Nations across the world have signed various agreements, pledged to reduce carbon emissions and agreed to sustainable development goals. With these commitments, businesses are facing increasing pressure from investors, regulators, and consumers to demonstrate more sustainable and socially responsible operations.
It’s no surprise that environmental sustainability is emerging as a top priority for stakeholders across the business and as a result, creating more sustainable operations isn't just good for society - it's also a business imperative.
“According to a recent survey, 80% of consumers indicate sustainability is important to them and 60% are willing to change their shopping habits to reduce environmental impact, a proportion that could very feasibly continue to rise as climate change gets worse. In addition, organisations with successful sustainability programs are able to attract better talent as, according to an IBM survey, 71% of employees and employment seekers surveyed say that environmentally sustainable companies are more attractive employers,” explains Shim.
As Migoya explains, with this drive to create more sustainable businesses, AI provides a solution to this transition to sustainable business operations without disrupting business as usual: “The efficiencies that AI provides enable an escape from the cost/benefit binary, and a focus on the upside. There are still many places where the choice or pursuit of sustainability is a matter of principle, values, and vision. But we are not far away from an era where sustainability is imperative to remain competitive. Having the tools to incorporate these goals without friction enables companies to pivot faster.”
AI, Natarajan explains, will give organisations the ability to understand the impact of a business move from both a sustainability perspective and an economic perspective. “The assumption is you can't separate the two: AI changes that,” he says.

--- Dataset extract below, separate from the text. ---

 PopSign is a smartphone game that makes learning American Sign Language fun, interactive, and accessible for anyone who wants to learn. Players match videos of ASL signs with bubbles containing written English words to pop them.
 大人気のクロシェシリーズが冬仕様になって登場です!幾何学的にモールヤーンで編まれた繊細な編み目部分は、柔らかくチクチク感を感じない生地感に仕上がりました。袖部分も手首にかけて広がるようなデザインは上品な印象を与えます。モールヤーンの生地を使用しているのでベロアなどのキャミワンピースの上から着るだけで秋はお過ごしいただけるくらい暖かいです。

Supporting the UN’s sustainable development goals with AI
Although climate change and its impact is a top priority for businesses, so are many other sustainable development goals, as outlined by the United Nations (UN). The 17 goals, adopted in 2015, are a universal call to action to end poverty, protect the planet, and ensure that by 2030 all people enjoy peace and prosperity.

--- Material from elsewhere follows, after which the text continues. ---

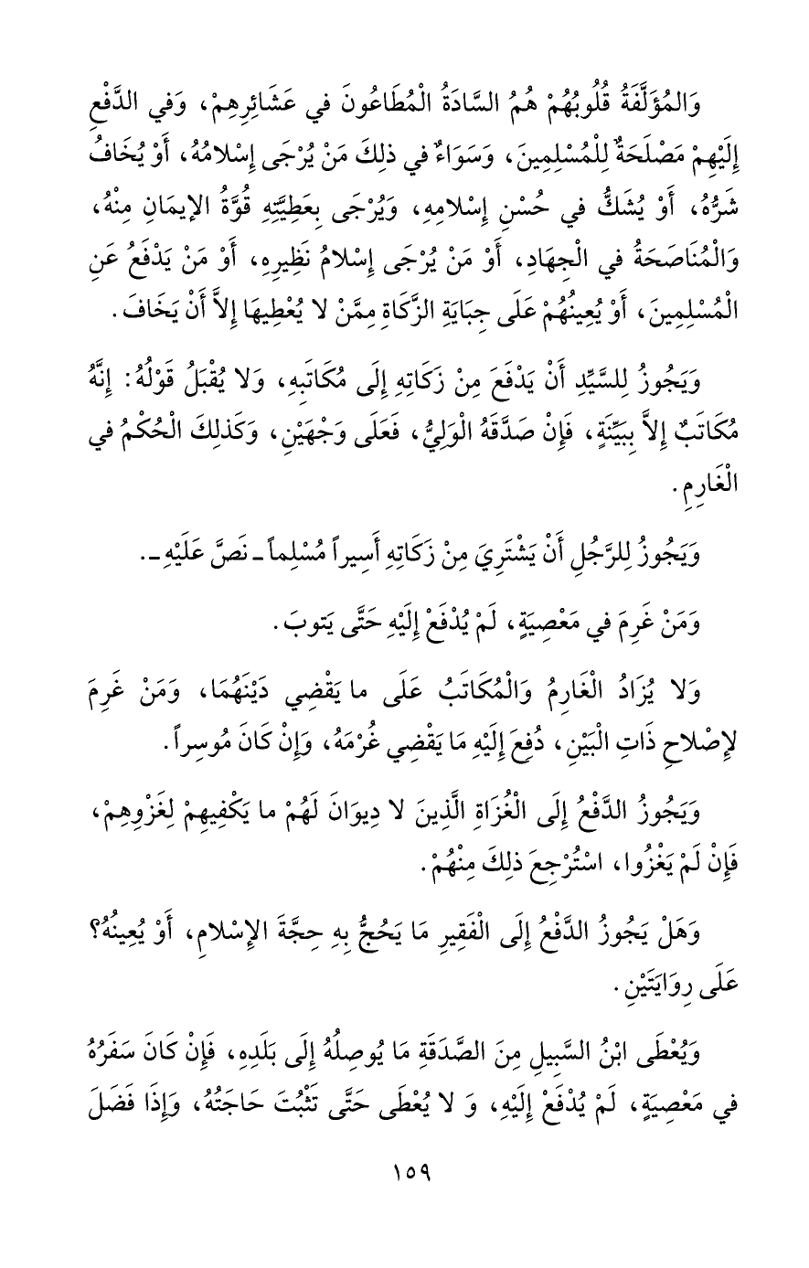 وَالمُؤَلَّفَةُ قُلُوبُهُمْ هُمُ السَّادَةُ الْمُطَاعُونَ فِي عَشَائِرِهِمْ، وَفِي الدَّفْعِ إِلَيْهِمْ مَصْلَحَةٌ لِلْمُسْلِمِينَ، وَسَوَاءٌ فِي ذلِكَ مَنْ يُرْجَى إِسْلامُهُ، أَوْ يُخَافُ شَرُّهُ، أَوْ يُشَكُّ فِي حُسْنِ إِسْلامِهِ، وَيُرْجَى بِعَطِيَّتِهِ قُوَّةُ الإيمَانِ مِنْهُ، وَالْمُنَاصَحَةُ فِي الْجِهَادِ، أَوْ مَنْ يُرْجَى إِسْلامُ نَظِيرِهِ، أَوْ مَنْ يَدْفَعُ عَنِ الْمُسْلِمِينَ، أَوْ يُعِينُهُمْ عَلَى جِبَايَةِ الزَّكَاةِ مِمَّنْ لا يُعْطِيهَا إِلَّا أَنْ يَخَافَ.

“The development of these social initiatives are mainly human and they require many aspects, concepts and planning that are not necessarily related to technology. However, technology can contribute to elevating them:AI can help these different aspects to align, and it can also ensure access to relevant forms of knowledge, promoting fundamental skills and critical thinking among the community,” explains Migoya.
With the ability to elevate these initiatives, Shim believes that AI will be revolutionary as the world looks to end poverty.

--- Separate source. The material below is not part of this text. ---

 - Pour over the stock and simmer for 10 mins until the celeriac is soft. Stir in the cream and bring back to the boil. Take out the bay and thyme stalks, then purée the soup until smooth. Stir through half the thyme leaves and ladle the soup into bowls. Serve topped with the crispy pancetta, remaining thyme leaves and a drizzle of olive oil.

“A crucial part of this is enabling AI technology the ability to address these issues via public-private partnerships and broader applications of it across business, social, environmental, political and other spheres that are strongly interconnected and have interlocking impacts. In other words, it is impossible to decouple environmental issues from social issues. Climate justice and refugees are an example here, where without the support of AI-enabled technology to mitigate climate change, a significant percentage of the population will lose their homes, their land, and even their countries,” she says.
Migoya, despite celebrating the significance of AI to climate change, stresses the issue of techno-optimism whereby businesses believe that simply integrating AI into sustainability strategies will solve all the problems: “There is no excuse for not appropriately analysing the scope of the objectives and their effects, involving people affected, subject matter experts, and so on. AI needs to be used “from the inside” to improve the way things work; not “from the outside” where there may be a lack of understanding the nuances of the systems involved and how they work.
He concludes: “We need to be humble enough to be consistently measuring and reassessing our actions so that when we learn, we are applying that as soon as possible.”